Michel Vonk (born 28 October 1968) is a Dutch football manager and former professional footballer

As a player, he was a defender from 1986 to 2001, notably playing in the Premier League for Manchester City. He also played in England for Oldham Athletic and Sheffield United, as well as also playing in his native land for AZ, SVV Dordrecht and MVV Maastricht. Since 2011 Vonk has managed several times in Dutch football with stints at both Sparta Rotterdam and Telstar.

Playing career
Vonk played as centre back and began his career in 1986 with AZ '67 for whom he played 111 times and scored 8 goals. He transferred to SVV Dordrecht in 1991 and played 51 times for the team scoring 1 goal. Then in 1992 he transferred to Manchester City F.C. where he enjoyed three successful seasons playing a total of 91 league games for the club, scoring 4 times. He had been brought in by then City manager Peter Reid costing £500,000. He formed a successful partnership with Keith Curle in the centre of the City defence. In 1995, he criticised then City manager Brian Horton in the News of the World which earned him a suspension and being fined 2 weeks wages.

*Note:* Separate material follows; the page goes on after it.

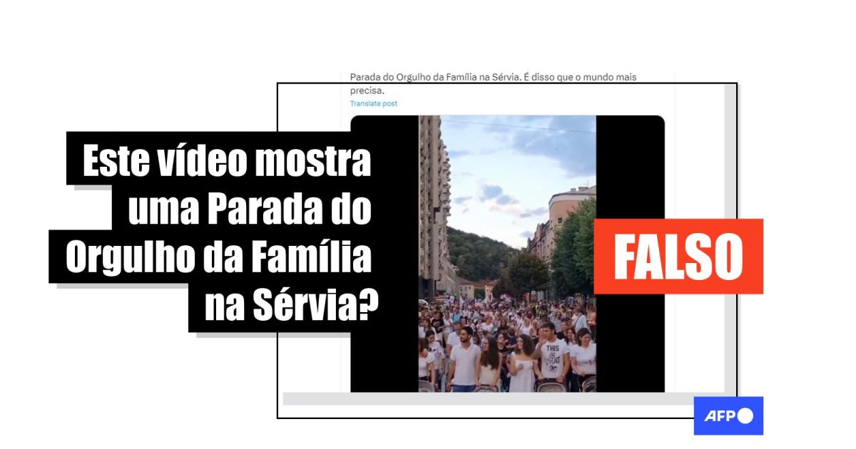 Mas a sequência não corresponde a uma Parada do Orgulho da Família que teria acontecido em setembro de 2023, na Sérvia, como alegam as publicações visualizadas mais de 110 mil vezes nas redes sociais.

Subsequent City manager Alan Ball sold the player to Oldham Athletic for £350,000, where he played 5 times and scored 1 goal. He was then transferred to Sheffield United where he played until 1998. He played 37 times for the Blades scoring twice. His time with the club was hampered by injuries. In 1998, he returned to the Netherlands and began playing for MVV Maastricht. His injuries continued however and he was released by the club when they were relegated.

Coaching career
After retiring from active football, Vonk became a youth coach for PSV. He successively served as assistant to Wiljan Vloet at Sparta Rotterdam for two seasons.

In April 2011 Vonk agreed to return at Sparta as head coach for the 2011–12 season under supervision of newly appointed technical director Wiljan Vloet, who accepted to return at the Rotterdam club after two seasons as trainer of NEC Nijmegen.He was fired after one season. In July 2014, he started working for Telstar.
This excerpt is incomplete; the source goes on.